++++ MATERIAL SHOWN ++++
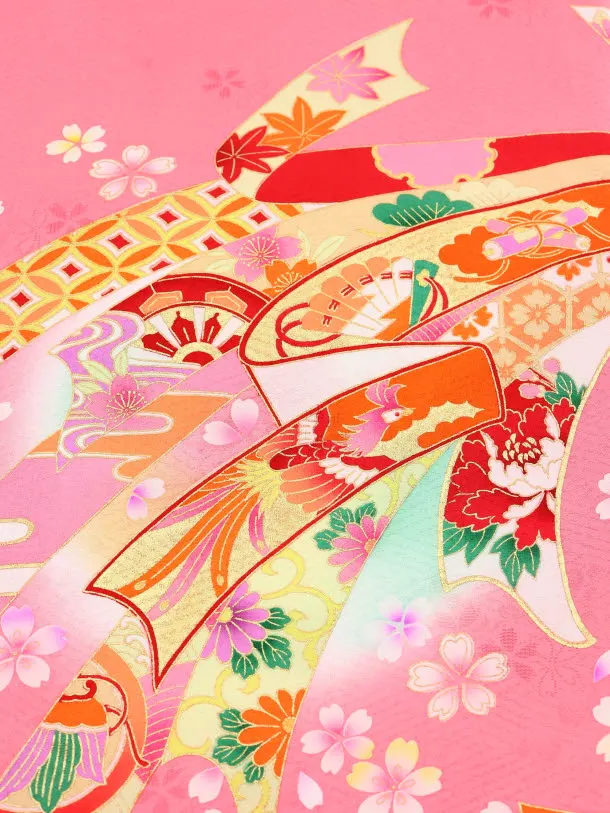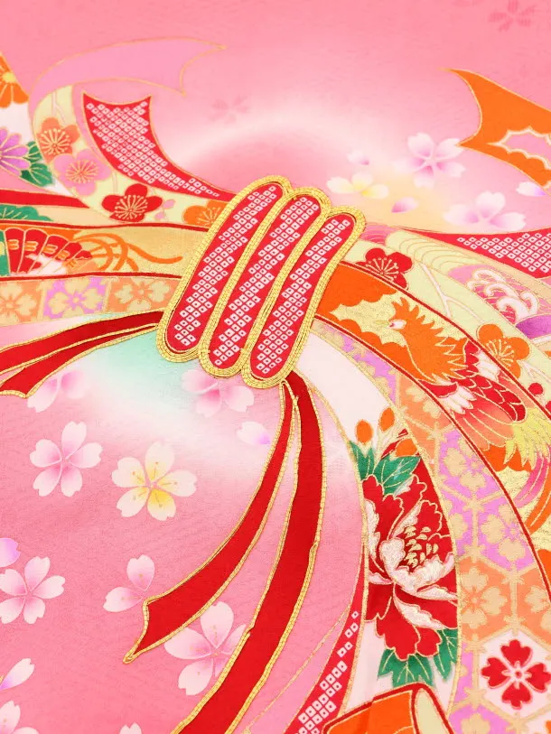 赤地に、熨斗(のし)が描かれたお着物です。中央に描かれた熨斗(のし)と周りに散りばめられた桜が大変豪華な印象です。神社へのお宮参りの晴れ着や記念撮影にオススメです。
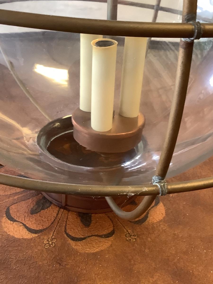 Glass & copper light fixture round with nautical feel
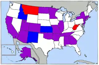 24 stater, Amerikansk Samoa og demokrater bosiddende i udlandet afholdt primærvalg på Super Tuesday, 2008. Blå betegner primærvalg kun for demokrater (3), Rød betegner primærvalg kun for republikanere (2) og Lilla repræsenterer stater, som holder primærvalg for begge partier (19).
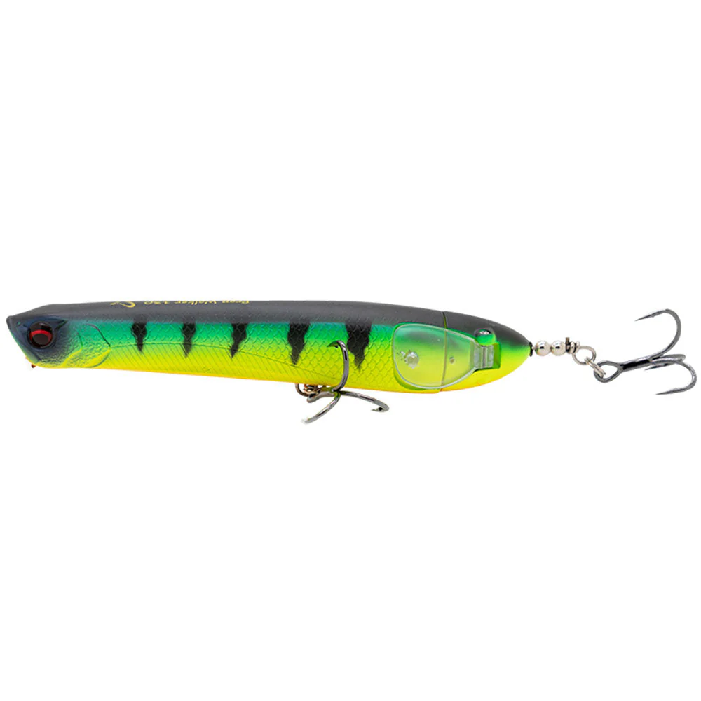 Der Savage Gear Prop Walker ist ein Hybrid aus verschiedenen Topwater-Ködern. Der längliche Körper eines Pencil Baits kombiniert mit einem dezenten Popper. Zusätzlich kann man ihn optional noch zum Prop Bait machen, indem man die PVC-Propeller ausklappt. Man hat also einen Prop Bait / Pencil Popper Hybriden in der Hand. So vielfältig wie die Bezeichnung ist auch die Anwendung. Mit eingeklappten Propeller kann man ihn dezent im Walk-The-Dog-Stil über das Wasser gleiten lassen. Immer mit einem dezenten Ploppen begleitet. Wenn man jedoch Action haben und die Fische provozieren will, dann werden die Propeller ausgeklappt und der Radau kann los gehen. Schnell kann man große Wasserflächen nach aktiven Räubern absuchen. Zum Black Bass Angeln entwickelt, verfehlt dieser Köder auch hier nicht seine Wirkung. Hecht, große Barsche und Rapfen schlagen da gerne mal zu.
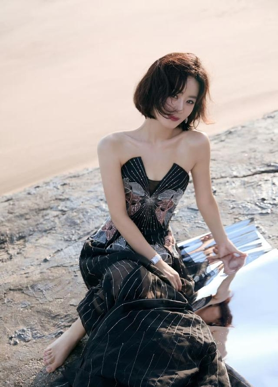 自从2020年起,赵丽颖在海边的光脚造型再度成为热议焦点。
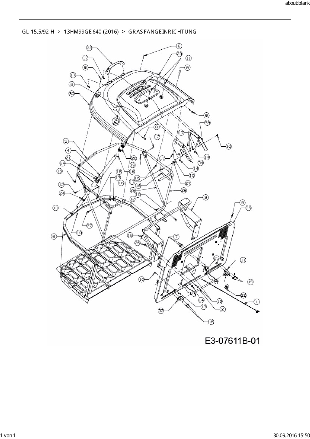 Ersatzteile für Rasentraktor Gartenland GL 15.5/92 H aus der Zeichnung Grasfangeinrichtung:
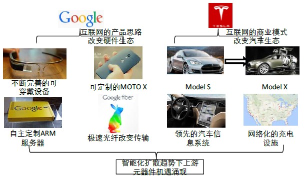 從近幾年的趨勢(shì)看,互聯(lián)網(wǎng)以及移動(dòng)互聯(lián)網(wǎng)正不斷的改變傳統(tǒng)產(chǎn)業(yè)的發(fā)展路徑。因此,2014年以及之后的電子產(chǎn)業(yè)創(chuàng)新驅(qū)動(dòng)力,將不僅僅局限于傳統(tǒng)的硬件產(chǎn)品廠商。2014年產(chǎn)業(yè)創(chuàng)新的龍頭或許將集中在谷歌與特斯拉的身上。谷歌代表了用互聯(lián)網(wǎng)的行為來(lái)改變傳統(tǒng)終端,特斯拉則是以互聯(lián)網(wǎng)的思維來(lái)改變傳統(tǒng)產(chǎn)業(yè)。
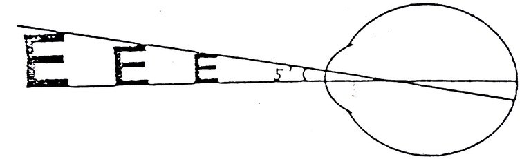 而且,不同大小的“E”,在不同的距离与第一结点都呈5分视角。其中每个“E”的每一个小段,也都为1分视角。
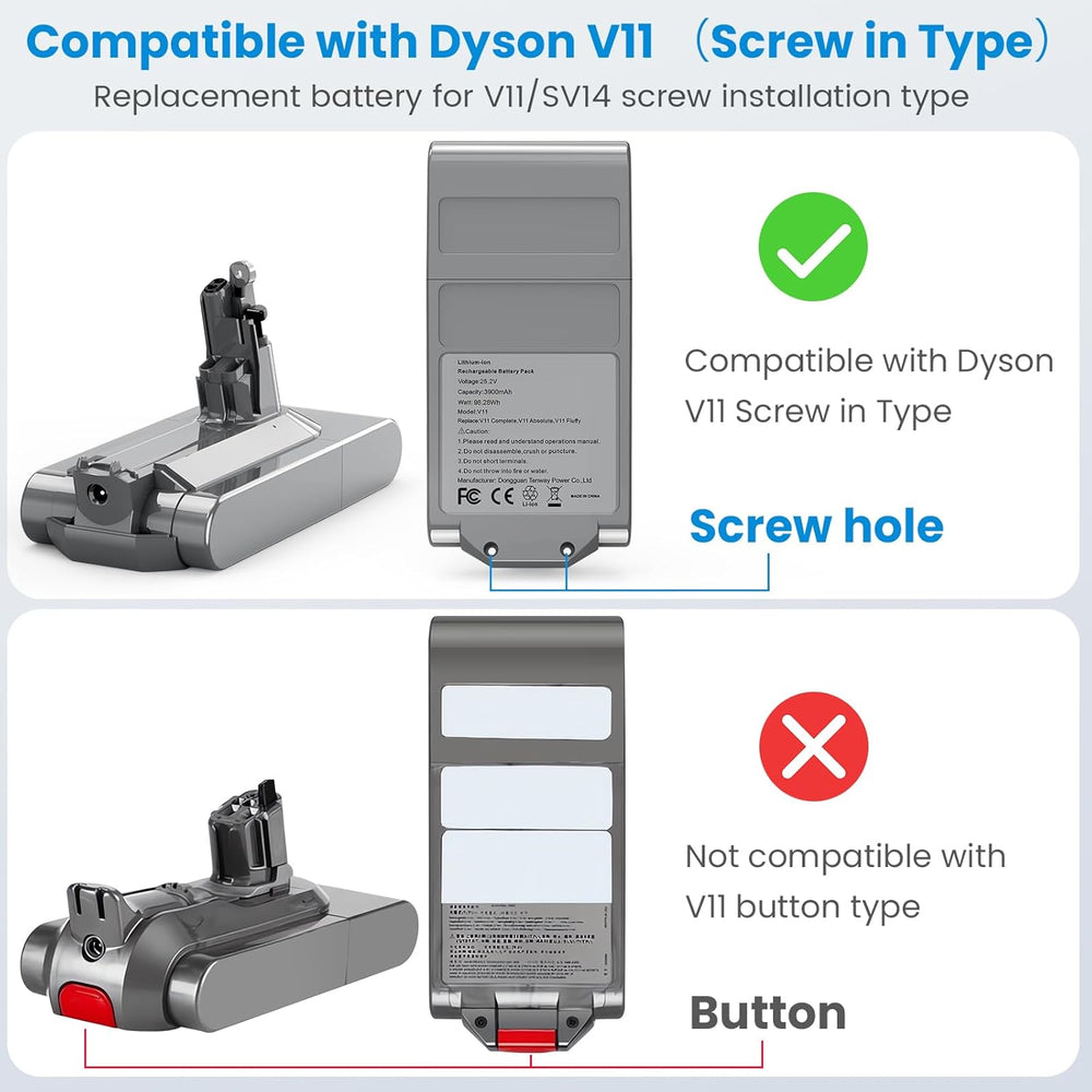 LabTEC V11 Li-ion Ersatzakku für Dyson V11 (Screw in Type), 25.2V 3900mAh Akku für Dyson SV14 Absolu
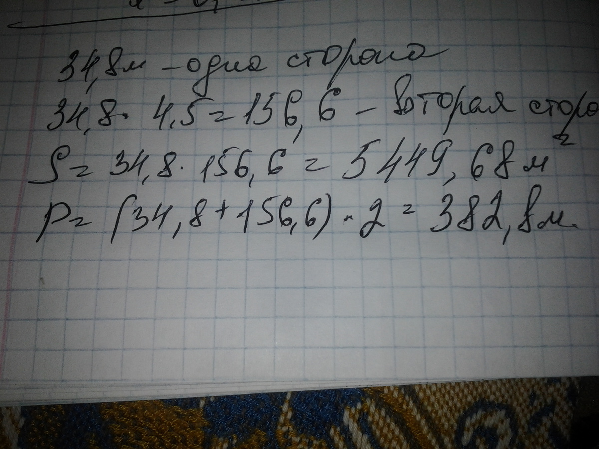 Одна сторона прямоугольника - 34,8м, а другая - в 4,5 раза длиннее. Вычисли площадь и периметр прямоугольника
++++
PROBLEM DETAILS — A verbatim copy of the data, pictures removed, is the expected result.

ANSWER TO THIS PROBLEM —
 赤地に、熨斗(のし)が描かれたお着物です。中央に描かれた熨斗(のし)と周りに散りばめられた桜が大変豪華な印象です。神社へのお宮参りの晴れ着や記念撮影にオススメです。
 Glass & copper light fixture round with nautical feel
 24 stater, Amerikansk Samoa og demokrater bosiddende i udlandet afholdt primærvalg på Super Tuesday, 2008. Blå betegner primærvalg kun for demokrater (3), Rød betegner primærvalg kun for republikanere (2) og Lilla repræsenterer stater, som holder primærvalg for begge partier (19).
 Der Savage Gear Prop Walker ist ein Hybrid aus verschiedenen Topwater-Ködern. Der längliche Körper eines Pencil Baits kombiniert mit einem dezenten Popper. Zusätzlich kann man ihn optional noch zum Prop Bait machen, indem man die PVC-Propeller ausklappt. Man hat also einen Prop Bait / Pencil Popper Hybriden in der Hand. So vielfältig wie die Bezeichnung ist auch die Anwendung. Mit eingeklappten Propeller kann man ihn dezent im Walk-The-Dog-Stil über das Wasser gleiten lassen. Immer mit einem dezenten Ploppen begleitet. Wenn man jedoch Action haben und die Fische provozieren will, dann werden die Propeller ausgeklappt und der Radau kann los gehen. Schnell kann man große Wasserflächen nach aktiven Räubern absuchen. Zum Black Bass Angeln entwickelt, verfehlt dieser Köder auch hier nicht seine Wirkung. Hecht, große Barsche und Rapfen schlagen da gerne mal zu.
 自从2020年起,赵丽颖在海边的光脚造型再度成为热议焦点。
 Ersatzteile für Rasentraktor Gartenland GL 15.5/92 H aus der Zeichnung Grasfangeinrichtung:
 從近幾年的趨勢(shì)看,互聯(lián)網(wǎng)以及移動(dòng)互聯(lián)網(wǎng)正不斷的改變傳統(tǒng)產(chǎn)業(yè)的發(fā)展路徑。因此,2014年以及之后的電子產(chǎn)業(yè)創(chuàng)新驅(qū)動(dòng)力,將不僅僅局限于傳統(tǒng)的硬件產(chǎn)品廠商。2014年產(chǎn)業(yè)創(chuàng)新的龍頭或許將集中在谷歌與特斯拉的身上。谷歌代表了用互聯(lián)網(wǎng)的行為來(lái)改變傳統(tǒng)終端,特斯拉則是以互聯(lián)網(wǎng)的思維來(lái)改變傳統(tǒng)產(chǎn)業(yè)。
 而且,不同大小的“E”,在不同的距离与第一结点都呈5分视角。其中每个“E”的每一个小段,也都为1分视角。
 LabTEC V11 Li-ion Ersatzakku für Dyson V11 (Screw in Type), 25.2V 3900mAh Akku für Dyson SV14 Absolu
 Одна сторона прямоугольника - 34,8м, а другая - в 4,5 раза длиннее. Вычисли площадь и периметр прямоугольника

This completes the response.